Politics of Tuesday, 20 November 2012
Source: Daily Graphic
Four presidential candidates contesting this year’s elections have indicated their resolve to make the private sector more effective to enable it to provide the needed stimulus for national development.
They said although the private sector was key to growth and development of the country, it had not been given the needed attention, and that when given the nod they would boost the sector through various interventions.
The interventions include the provision of long term loans with low interest rates, markets and entrepreneurial skills to members of the sector.
The four presidential candidates are Dr Paa Kwesi Nduom, of the Progressive People’s Party (PPP), Dr Henry Lartey of the Great Consolidated Popular Party (GCPP); Akwasi Addai of the United Front Party (UFP) and Jacob Osei Yeboah, an independent candidate.
The four were left out in the Institute of Economic Affairs (IEA) presidential debate on the grounds that their political parties did not have representation in Parliament.
But the Ghana Broadcasting Corporation (GBC) in accordance with its constitutional mandate decided to give equal platform to political parties to present their programmes to the people and decided to organise the debate for the candidates at the GTV studios and broadcast live on national television and all the radio networks of GBC.

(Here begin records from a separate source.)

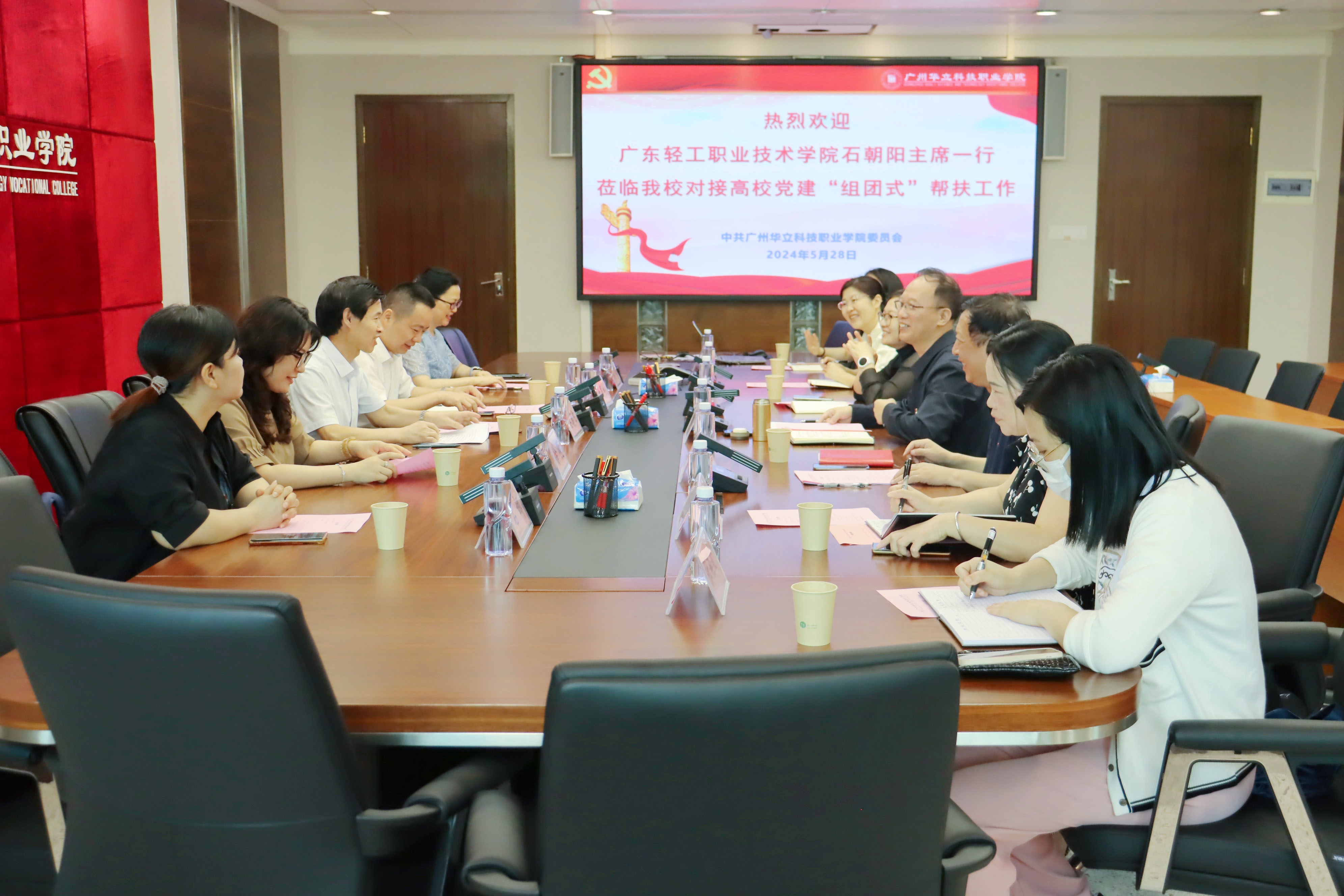 5月28日上午,广东轻工职业技术学院党委委员、工会主席、机关党委书记石朝阳率党委办公室、马克思主义学院、艺术设计学院、财贸学院等有关负责人,前来我校开展党建组团帮扶调研交流。我校党委书记陈良声出席调研交流会议,校长陈德清在会前接见了广轻工石朝阳主席一行,常务副校长马俊全程陪同。调研交流会由我校党办主任刘宇赤主持,党委办公室、人事处、马克思主义学院、艺术与传媒学院、经济管理学院等部门和二级学院有关同志参加调研交流。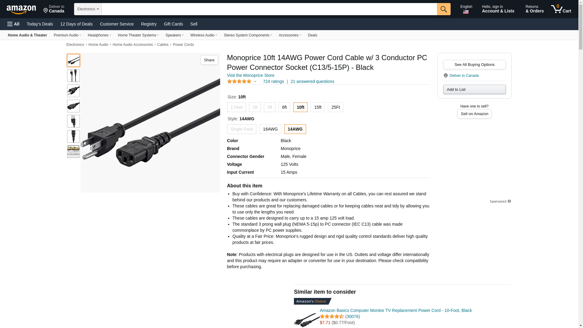 Monoprice 10ft 14AWG Power Cord Cable w/ 3 Conductor PC Power Connector Socket (C13/5-15P) - Black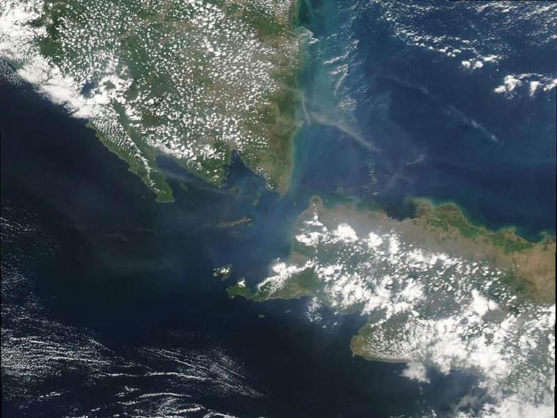Disebutkan bahwa Anak Krakatau adalah gunung berapi yang terbilang aktif di Indonesia. Tidak begitu jauh bukan dengan daratan? Foto: NASA

The candidates indicated that the private sector needed to be given all the support as part of efforts to address the unemployment problem.
Dr Nduom said under the PPP, the state should facilitate the buying of the products of the private sector since the sector had to be helped to grow.
He said the negative attitude towards local businesses needed to change if the private sector was to take its rightful place in the society.
The PPP, he said, would also provide the direction for the private sector to expand and grow.
Dr Lartey said most Ghanaians lacked access to capital because they lacked the needed collateral to obtain credit.
With the GCPP, he said, the private sector would be resourced adequately to be successful.
The sector, he said, once given the support it desired would expand and grow as well as employ more Ghanaians thereby helping to solve the unemployment problem.
For his part, Mr Addai said the UFP would empower the private sector to grow its businesses by providing it with long term capital for expansion and growth.
“We would make the private sector to be competitive on the global market. The time has come to rejuvenate the private sector and the UFP would do that,” he said.
He deplored the situation where foreigners came to Ghana, generate all the financial resources and then send those resources to their countries.
Mr Addai said there would also be technology transfer to support the private sector and promote public-private partnership.
Mr Yeboah said under his administration, the capacity of the private sector would be built so that it took advantage of the numerous opportunities that would be created by his government.
He identified the lack of finance as a major problem facing the sector and that his administration would provide the finance needed by the sector.
According to him, a national development plan that would indicate the direction of the country would be vigorously pursued to show clearly how the sector would be boosted.
He expressed the belief that the plan would help identify skill gaps in the informal sector and also lay out a comprehensive vision for the country.
Dr Nduom decried the negative attitude of successive governments towards the private sector saying that most businesses collapsed owing to the lack of commitment to ensuring their survival.
He cited the collapse of the national carrier, Ghana Airways and the subsequent collapse of Ghana International Airline as a demonstration of the government’s lack of vision to develop the private sector.
On the public sector, the PPP leader expressed his disgust at the negative actions of people who sabotaged each other by frustrating work efforts.
For him a PPP administration would introduce sanity into both the public and private sectors by ensuring a well motivated work-force through a conducive work environment.
Mr Lartey believed that empowering the Ghanaian with resources as well as giving start-up capital to market women was key to creating jobs in the informal sector.
Turning the spotlight on the National Health Insurance Scheme (NHIS) each of the presidential candidates pledged their commitment to ensuring that the scheme operated devoid of political interference.
Dr Nduom condemned what he described as the political football the National Democratic Congress (NDC) and the New Patriotic Party (NPP) were engaged in regarding which of the two parties under their respective governments better managed the NHIS.
The presidential candidates were unanimous in their resolve to appoint managers to the scheme on the basis of competence unlike the current situation where the leadership of the NHIS is appointed on the basis of which political party was in power.
The UFP candidate was of the view that even though the concept of the NHIS was a good one, its implementation was rushed hence its current managerial difficulties.
On corruption, the candidates pledged to fight the canker which they noted had eaten into the moral fibre of the Ghanaian society.